Berners and his impetuous swain knew everyone and entertained lavishly. The visitors book reads like a compendium of the cultural elite of the 1930s: Salvador Dalí, Gertrude Stein, Stravinsky, Margot Fonteyn, Noël Coward, Evelyn Waugh, H.G. Wells, and Elsa Schiaparelli. Adding to the madcap atmosphere, two Dalmatians darted around wearing diamond necklaces. 

Berners, a lover of practical jokes, trained a parrot to walk beneath a bowler hat, so startled guests would blink, imagining that the hat was moving by itself. His lordship also wore fright masks, gleefully terrorizing passersby while riding in his chauffeur-driven Rolls-Royce, which contained a clavichord so he could entertain himself and compose while motoring through the English countryside. 

Guests were treated to famously delicious food, and they marveled that culinary excellence prevailed even during strict wartime rationing. Mitford recounted that Cyril Connolly, the literary critic, quipped, "When every sort of luxury has been forever banned in England, Lord Berners will somehow manage to maintain a secret melon house."

Amid all this gaiety, friends were flabbergasted when Robert announced his marriage to Jennifer Fry, a frolicsome heiress to a chocolate fortune, who shocked even jaded observers by moving into Faringdon House with her new hubby and his older, male lover. In the book Sofka acknowledges that her fast-living, good-looking grandparents were "sexual buccaneers" during the 1930s, when bed-hopping was wildly fashionable among the privileged country house weekend set. (Both of her maternal grandparents preferred men but dabbled on occasion with women.)

The image of Robert Heber-Percy, "The Mad Boy," in Cecil Beaton's scrapbook

The image of Robert Heber-Percy, "The Mad Boy," in Cecil Beaton's scrapbook

The outré ménage-à-trois at Faringdon inspired frenzied gossip in polite society, which escalated to a fever pitch when the new Mrs. Heber-Percy gave birth to a baby girl, Victoria, (Sofka's mother), thrusting Lord Berners into the improbable role of beneficent grandfather. 

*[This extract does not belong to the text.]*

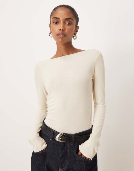 Mango - Top manches longues à encolure bateau - Jaune beurre
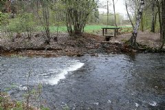 Po 100 metrech je před námi rozdvojení toku. Když pojedeme vlevo přes nízký stupeň, na soutoku pod největším ostrovem na řece jsme po 300 m rychlé vody ve větším spádu. Pojeďme však vpravo. Chrudimka tu rychle teče v několika meandrech s pěknými vracáky. Po asi 300 m do ní ústí zprava Lukavický potok. Těsně nad ním míjíme technickou památku, která stojí za krátkou zastávku.

The marriage began to founder when Robert ceased paying any sexual attention to his bride, locking himself in his bedroom. Furious, Jennifer decamped for London, baby in tow, leaving behind a fish-shaped handbag, which remains on a drawing room chair, exactly where she left it. 

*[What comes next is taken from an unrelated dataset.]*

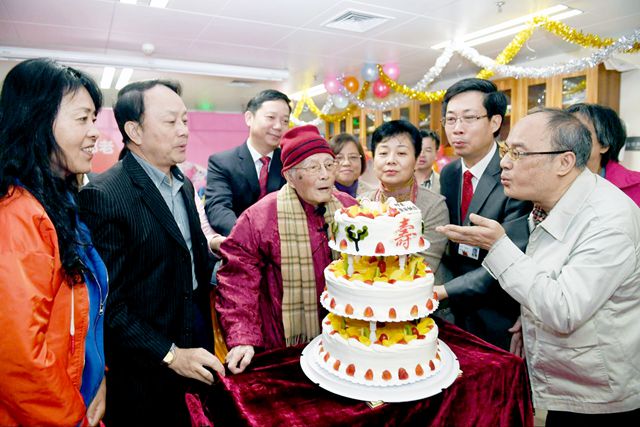 beat365英国官网网站党委书记张建华、校长王省良等参加祝寿活动,并和邓铁涛教授共吹生日蜡烛。(方宁 冯殷)
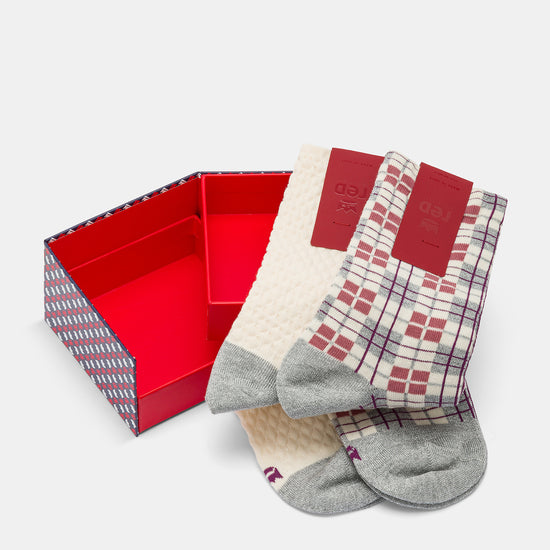 Cofanetto regalo contenente due paia di calzini da donna in cotone.

Before Jennifer's departure, Beaton captured the quixotic assembly in a classically inspired black-and-white portrait that shows Robert standing in a heroic pose in the drawing room, holding the newborn child, flanked by his elderly male lover and beautiful bride (who would claim, years later, while in the grips of senility, that the Mad Boy was not the baby's father, though she couldn't remember who was). Nothing about this charming image seems to hint at the rancor that followed.

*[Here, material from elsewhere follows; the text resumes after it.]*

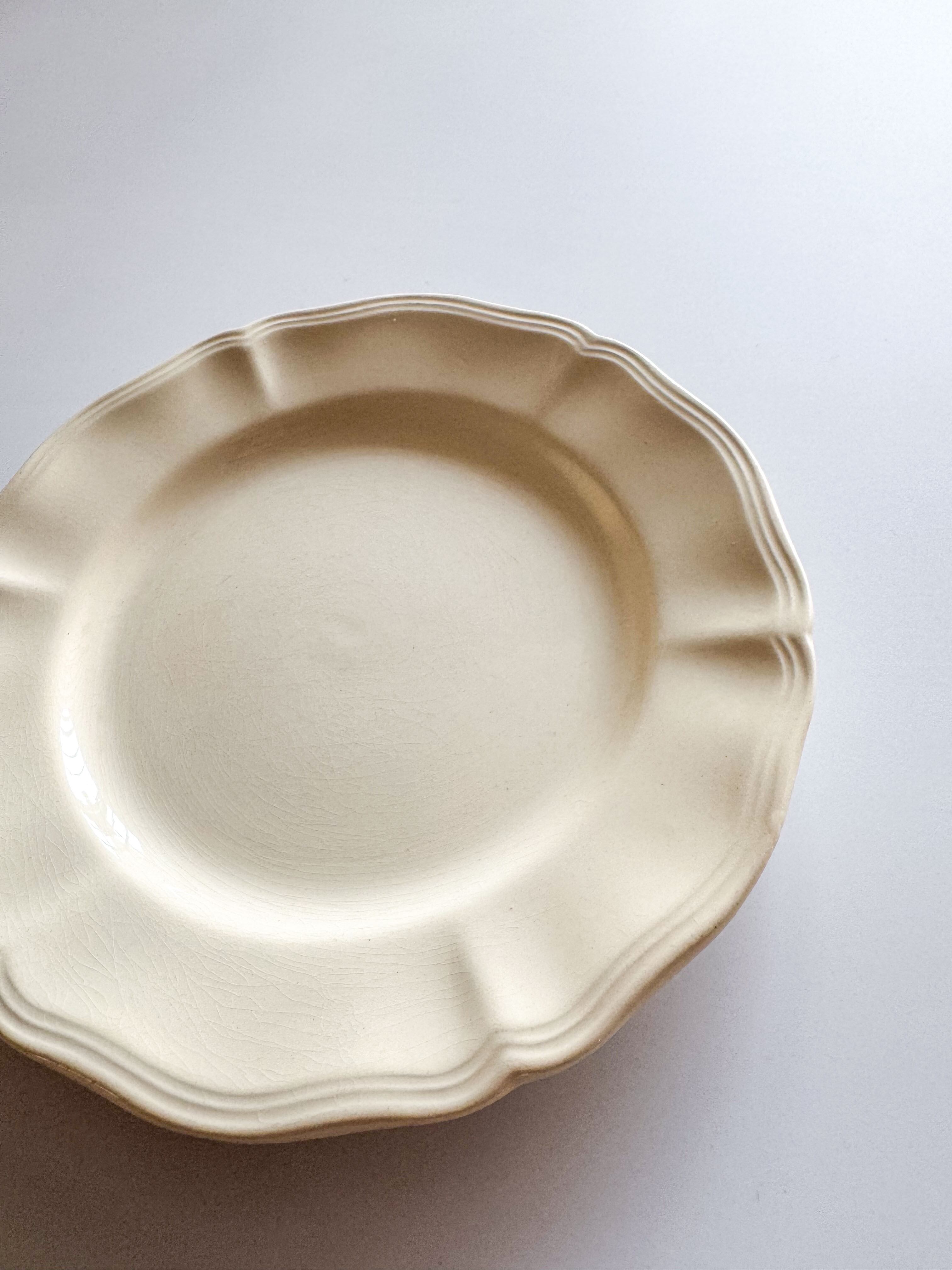 お皿の縁周りには波打つようなラインで囲まれ、花びらをモチーフとしたような立体的かつ流麗な姿が際立ちます。アイボリー色になったどこか温もりを感じさせてくれるようで、艶やかな質感なのも卓上に気品をもたらしてくれそうです。

In 1972, Robert was enraged when Beaton published a volume of his diaries in which he intimated that the Mad Boy had failed to be attentive to Berners during his terminal illness. Embittered by this suggestion, and by the public humiliation, when he ran into Beaton at an elegant party in London two years later, he punched the 70-year-old photographer on the chin with what Beaton described as "a maniacal fury." Beaton fell, banging his head, and later suffered a debilitating stroke. When the venerable royal photographer died six years later, many of Beaton's friends believed he had been killed by the Mad Boy.